ACTION ITEM:
When you reach the line containing "Носите боди с", repeat that line and each one after it exactly until the records end, leaving out pictures.

DATA:

__________________________________________________

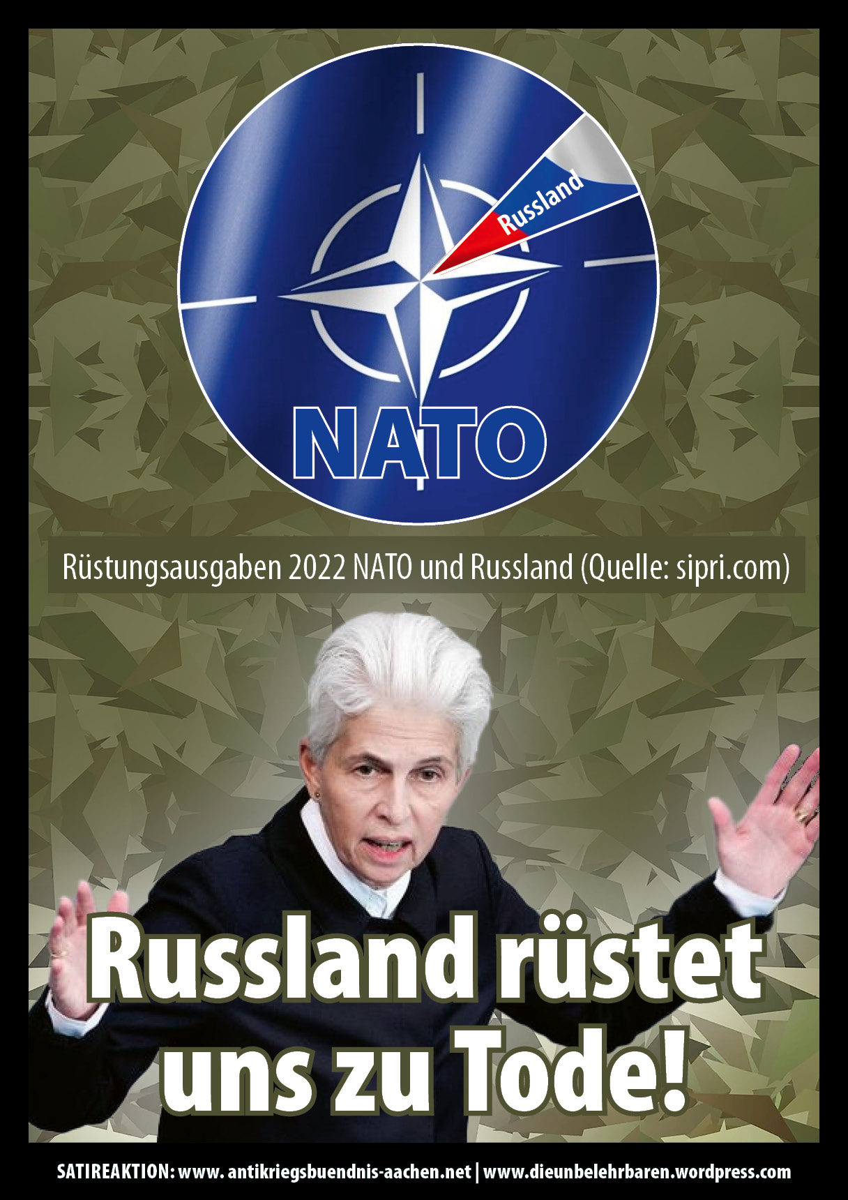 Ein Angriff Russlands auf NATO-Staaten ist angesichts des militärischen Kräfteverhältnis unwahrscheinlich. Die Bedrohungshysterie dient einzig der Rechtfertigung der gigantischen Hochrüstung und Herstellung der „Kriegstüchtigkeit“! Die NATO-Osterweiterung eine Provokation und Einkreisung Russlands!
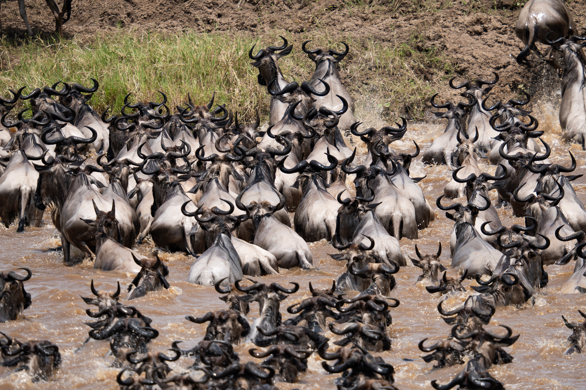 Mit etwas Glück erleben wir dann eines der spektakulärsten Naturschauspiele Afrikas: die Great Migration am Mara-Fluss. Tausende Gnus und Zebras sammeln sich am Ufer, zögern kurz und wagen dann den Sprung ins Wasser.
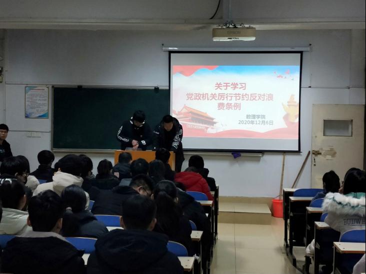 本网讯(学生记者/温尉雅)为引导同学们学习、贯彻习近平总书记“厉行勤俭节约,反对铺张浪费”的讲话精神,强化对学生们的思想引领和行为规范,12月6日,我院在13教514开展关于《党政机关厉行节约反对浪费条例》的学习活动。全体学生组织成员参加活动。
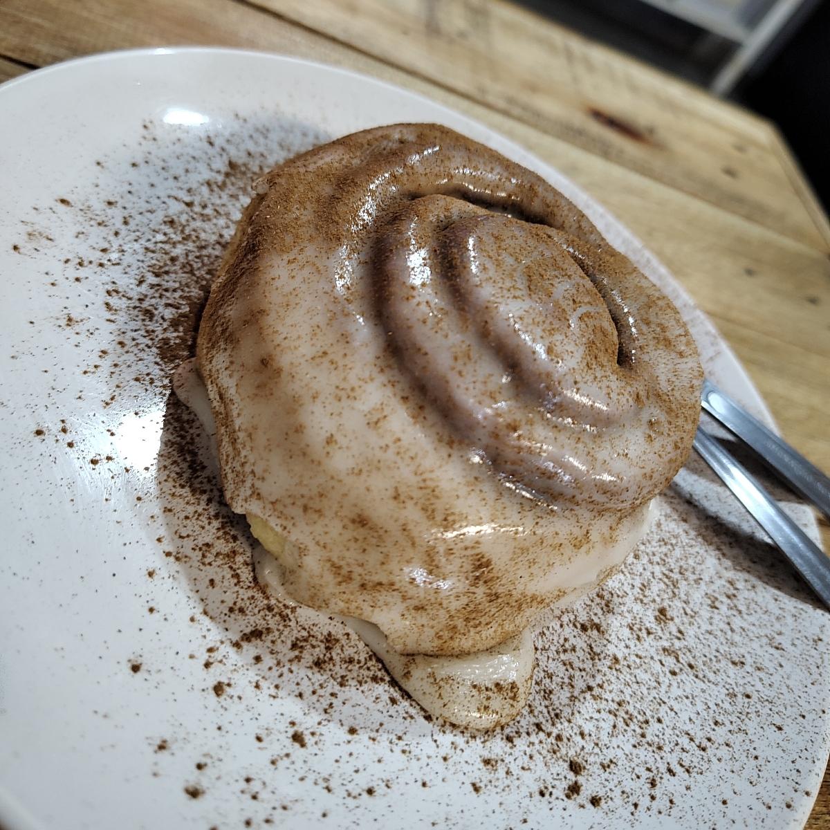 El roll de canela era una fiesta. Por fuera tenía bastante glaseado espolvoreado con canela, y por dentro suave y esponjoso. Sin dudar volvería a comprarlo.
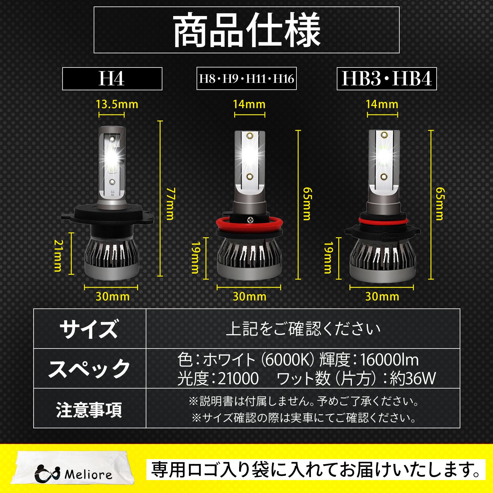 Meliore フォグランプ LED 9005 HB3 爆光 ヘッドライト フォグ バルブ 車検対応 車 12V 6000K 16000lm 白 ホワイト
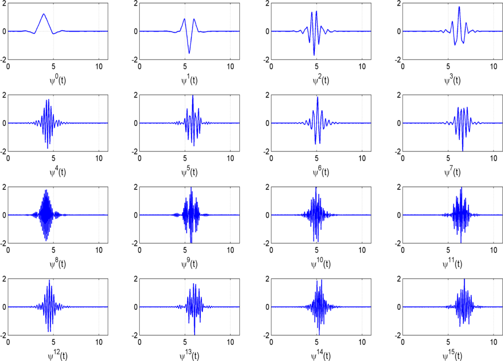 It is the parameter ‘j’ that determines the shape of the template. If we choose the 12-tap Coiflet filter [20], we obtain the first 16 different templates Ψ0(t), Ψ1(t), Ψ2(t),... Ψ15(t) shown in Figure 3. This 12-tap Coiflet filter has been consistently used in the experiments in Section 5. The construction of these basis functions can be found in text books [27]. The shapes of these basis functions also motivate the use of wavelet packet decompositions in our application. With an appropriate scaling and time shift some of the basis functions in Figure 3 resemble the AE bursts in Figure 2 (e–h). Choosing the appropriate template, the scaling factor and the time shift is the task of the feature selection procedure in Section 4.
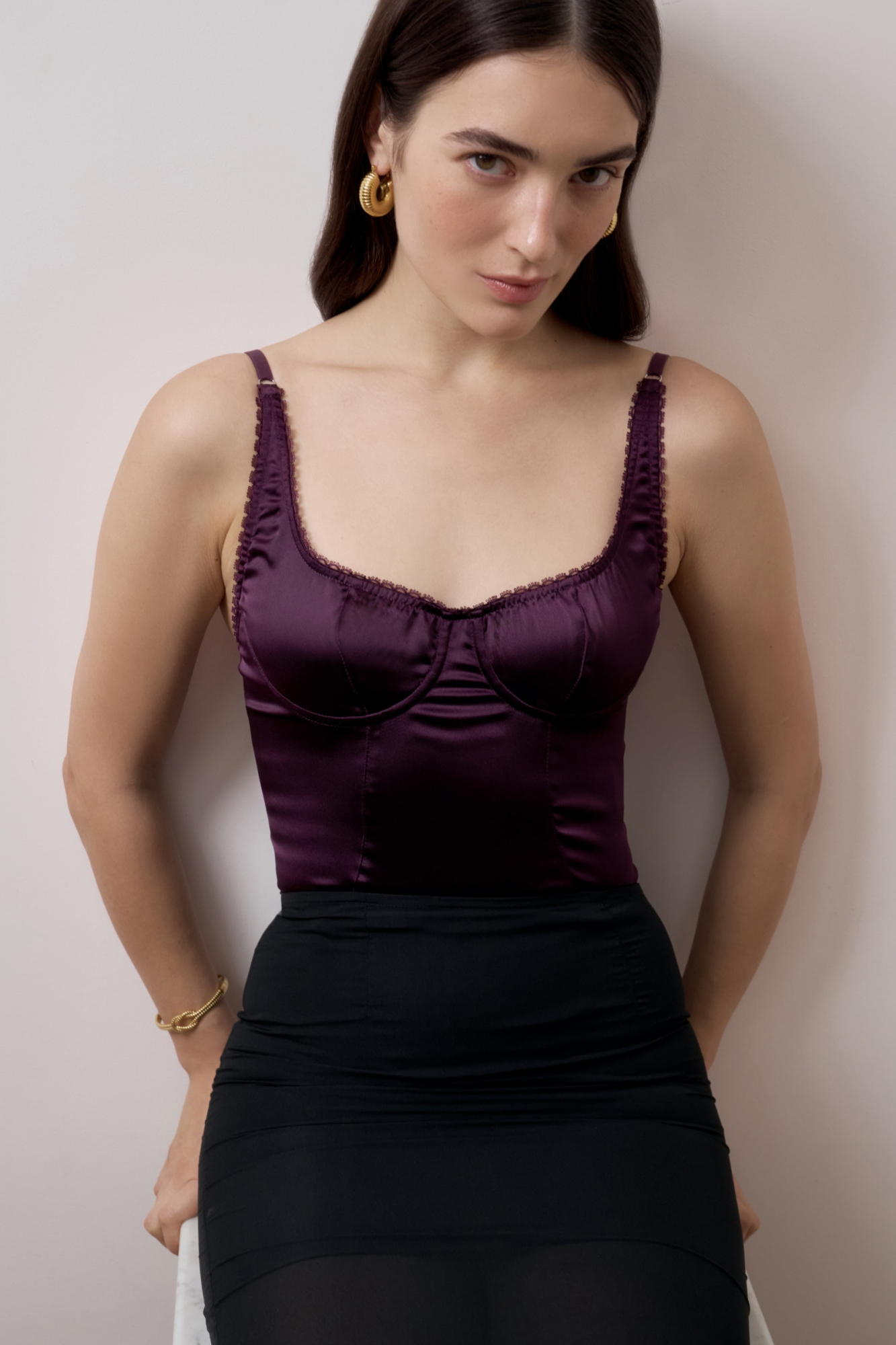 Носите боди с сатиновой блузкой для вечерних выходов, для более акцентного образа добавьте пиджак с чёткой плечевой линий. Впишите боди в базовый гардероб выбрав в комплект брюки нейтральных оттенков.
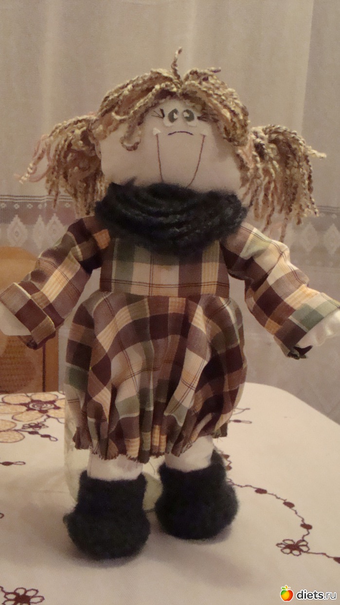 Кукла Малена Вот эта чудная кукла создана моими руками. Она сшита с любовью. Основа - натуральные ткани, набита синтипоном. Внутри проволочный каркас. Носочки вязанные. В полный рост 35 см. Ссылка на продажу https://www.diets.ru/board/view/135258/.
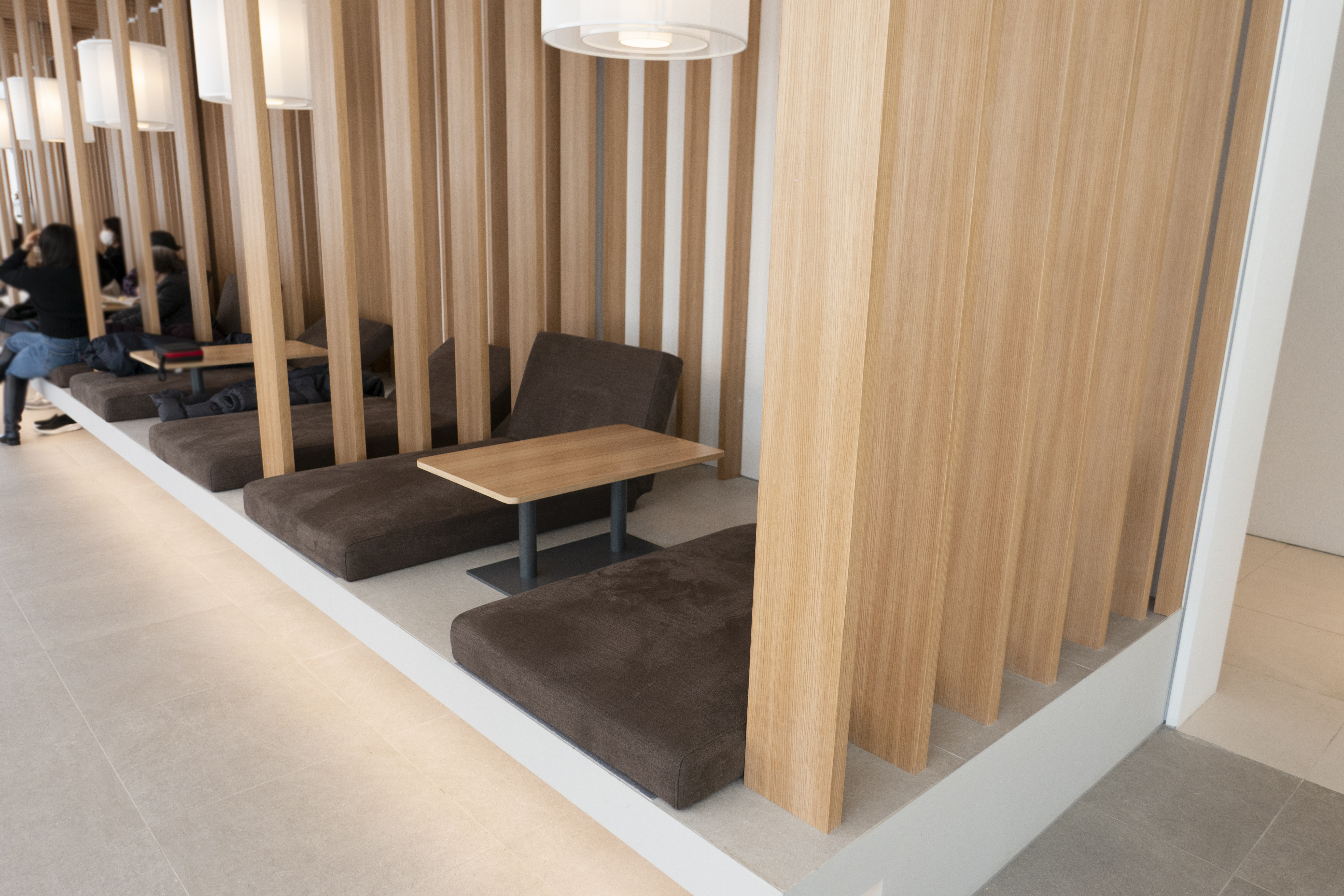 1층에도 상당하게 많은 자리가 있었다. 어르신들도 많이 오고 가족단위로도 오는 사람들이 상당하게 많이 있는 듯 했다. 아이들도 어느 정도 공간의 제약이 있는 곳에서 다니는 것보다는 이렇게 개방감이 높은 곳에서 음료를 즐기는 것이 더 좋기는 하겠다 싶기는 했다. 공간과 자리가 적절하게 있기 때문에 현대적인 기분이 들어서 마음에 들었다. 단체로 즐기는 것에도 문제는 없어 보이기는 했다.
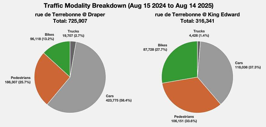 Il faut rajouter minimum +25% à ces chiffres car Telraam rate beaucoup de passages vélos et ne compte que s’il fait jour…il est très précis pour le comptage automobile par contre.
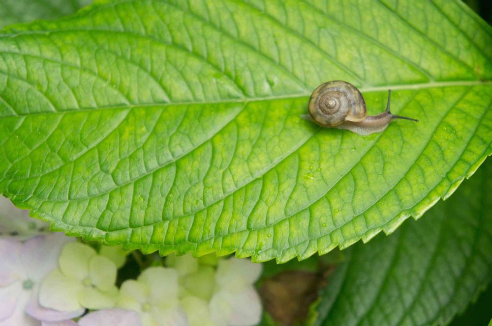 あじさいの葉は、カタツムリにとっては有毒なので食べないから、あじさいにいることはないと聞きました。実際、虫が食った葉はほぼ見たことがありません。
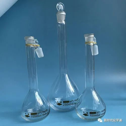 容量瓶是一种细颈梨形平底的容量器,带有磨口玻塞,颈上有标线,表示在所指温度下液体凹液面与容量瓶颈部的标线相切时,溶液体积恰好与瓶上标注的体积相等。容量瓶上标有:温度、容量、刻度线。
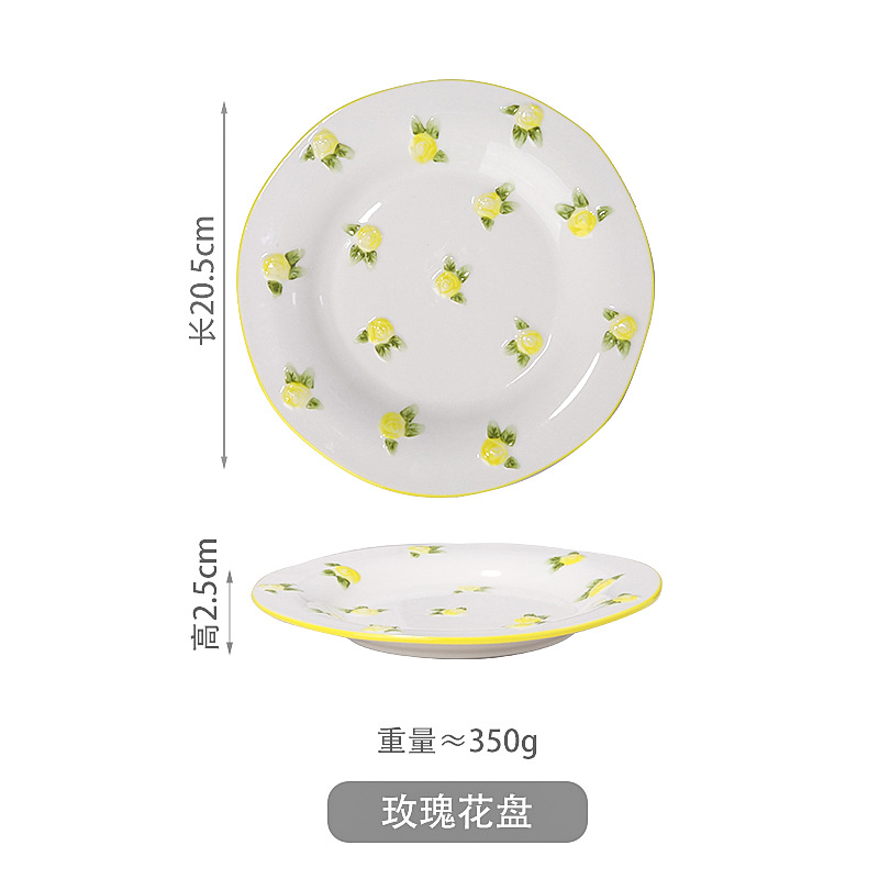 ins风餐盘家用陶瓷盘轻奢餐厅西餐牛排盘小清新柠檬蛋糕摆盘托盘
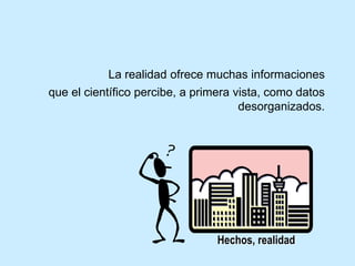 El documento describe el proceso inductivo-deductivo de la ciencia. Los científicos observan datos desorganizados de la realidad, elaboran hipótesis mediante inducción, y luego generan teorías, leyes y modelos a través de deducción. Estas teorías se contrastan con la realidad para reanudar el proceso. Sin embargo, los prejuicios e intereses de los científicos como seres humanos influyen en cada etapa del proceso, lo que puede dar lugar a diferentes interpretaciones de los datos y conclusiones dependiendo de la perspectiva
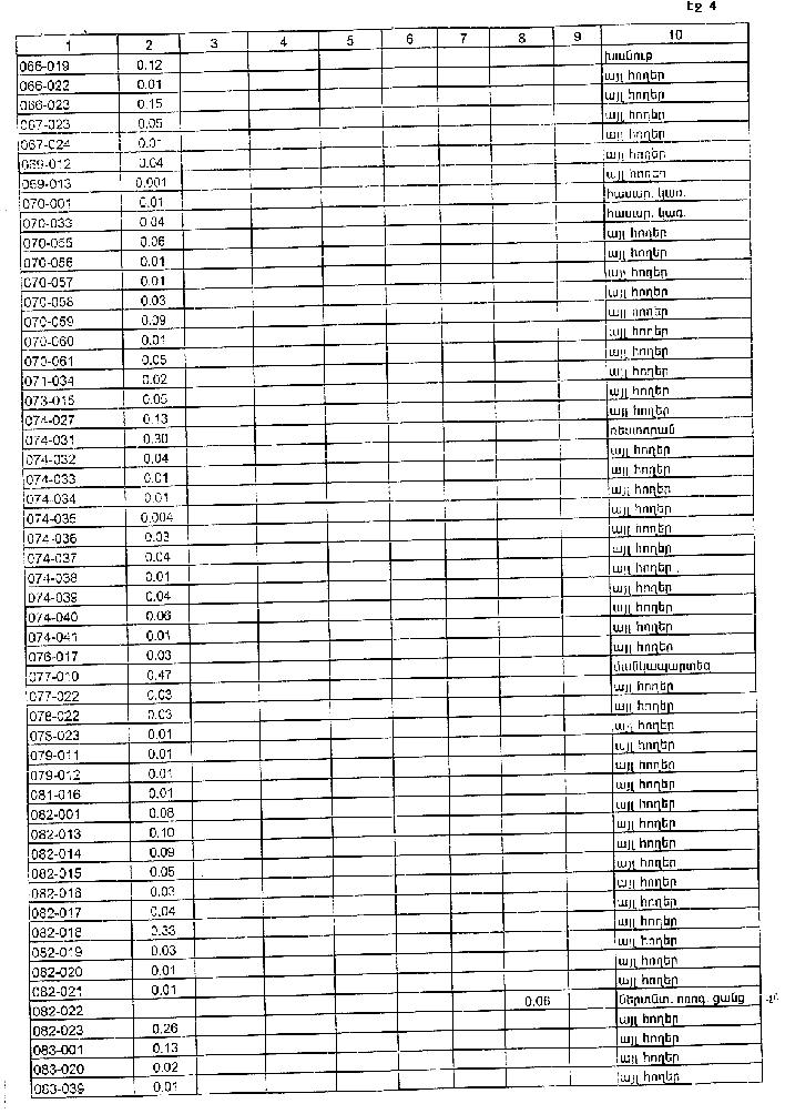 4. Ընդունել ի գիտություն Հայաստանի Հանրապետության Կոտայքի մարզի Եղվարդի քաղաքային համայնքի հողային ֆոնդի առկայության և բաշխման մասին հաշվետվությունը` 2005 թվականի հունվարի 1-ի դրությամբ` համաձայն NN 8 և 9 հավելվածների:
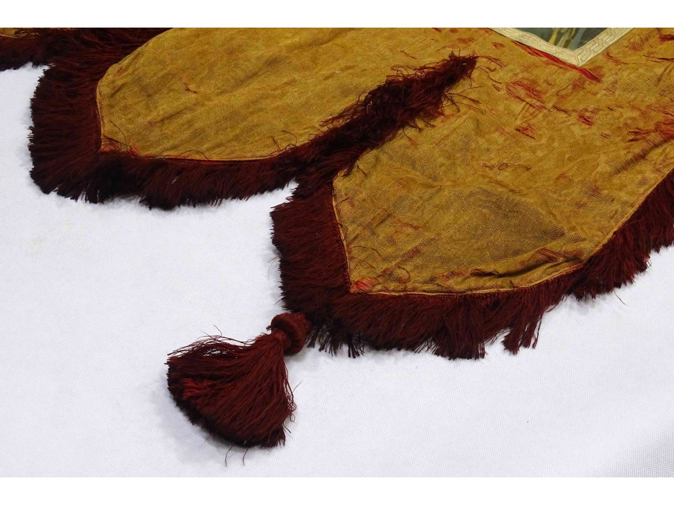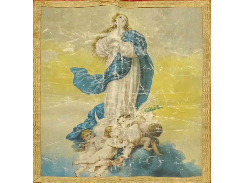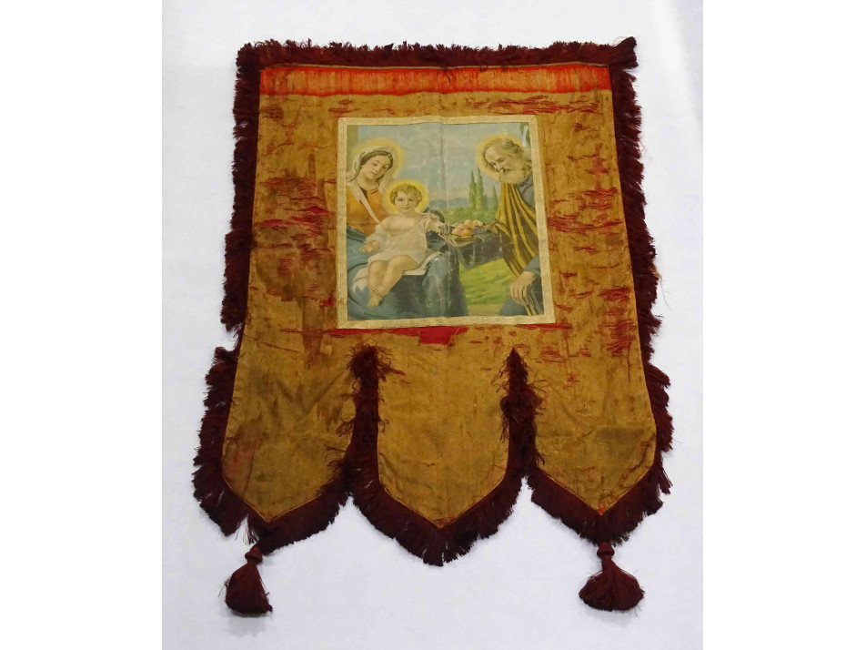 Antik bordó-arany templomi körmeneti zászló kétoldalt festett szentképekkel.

__________________________________________________

THE ANSWER:
 Носите боди с сатиновой блузкой для вечерних выходов, для более акцентного образа добавьте пиджак с чёткой плечевой линий. Впишите боди в базовый гардероб выбрав в комплект брюки нейтральных оттенков.
 Кукла Малена Вот эта чудная кукла создана моими руками. Она сшита с любовью. Основа - натуральные ткани, набита синтипоном. Внутри проволочный каркас. Носочки вязанные. В полный рост 35 см. Ссылка на продажу https://www.diets.ru/board/view/135258/.
 1층에도 상당하게 많은 자리가 있었다. 어르신들도 많이 오고 가족단위로도 오는 사람들이 상당하게 많이 있는 듯 했다. 아이들도 어느 정도 공간의 제약이 있는 곳에서 다니는 것보다는 이렇게 개방감이 높은 곳에서 음료를 즐기는 것이 더 좋기는 하겠다 싶기는 했다. 공간과 자리가 적절하게 있기 때문에 현대적인 기분이 들어서 마음에 들었다. 단체로 즐기는 것에도 문제는 없어 보이기는 했다.
 Il faut rajouter minimum +25% à ces chiffres car Telraam rate beaucoup de passages vélos et ne compte que s’il fait jour…il est très précis pour le comptage automobile par contre.
 あじさいの葉は、カタツムリにとっては有毒なので食べないから、あじさいにいることはないと聞きました。実際、虫が食った葉はほぼ見たことがありません。
 容量瓶是一种细颈梨形平底的容量器,带有磨口玻塞,颈上有标线,表示在所指温度下液体凹液面与容量瓶颈部的标线相切时,溶液体积恰好与瓶上标注的体积相等。容量瓶上标有:温度、容量、刻度线。
 ins风餐盘家用陶瓷盘轻奢餐厅西餐牛排盘小清新柠檬蛋糕摆盘托盘
 El documento describe el proceso inductivo-deductivo de la ciencia. Los científicos observan datos desorganizados de la realidad, elaboran hipótesis mediante inducción, y luego generan teorías, leyes y modelos a través de deducción. Estas teorías se contrastan con la realidad para reanudar el proceso. Sin embargo, los prejuicios e intereses de los científicos como seres humanos influyen en cada etapa del proceso, lo que puede dar lugar a diferentes interpretaciones de los datos y conclusiones dependiendo de la perspectiva
 4. Ընդունել ի գիտություն Հայաստանի Հանրապետության Կոտայքի մարզի Եղվարդի քաղաքային համայնքի հողային ֆոնդի առկայության և բաշխման մասին հաշվետվությունը` 2005 թվականի հունվարի 1-ի դրությամբ` համաձայն NN 8 և 9 հավելվածների:
 Antik bordó-arany templomi körmeneti zászló kétoldalt festett szentképekkel.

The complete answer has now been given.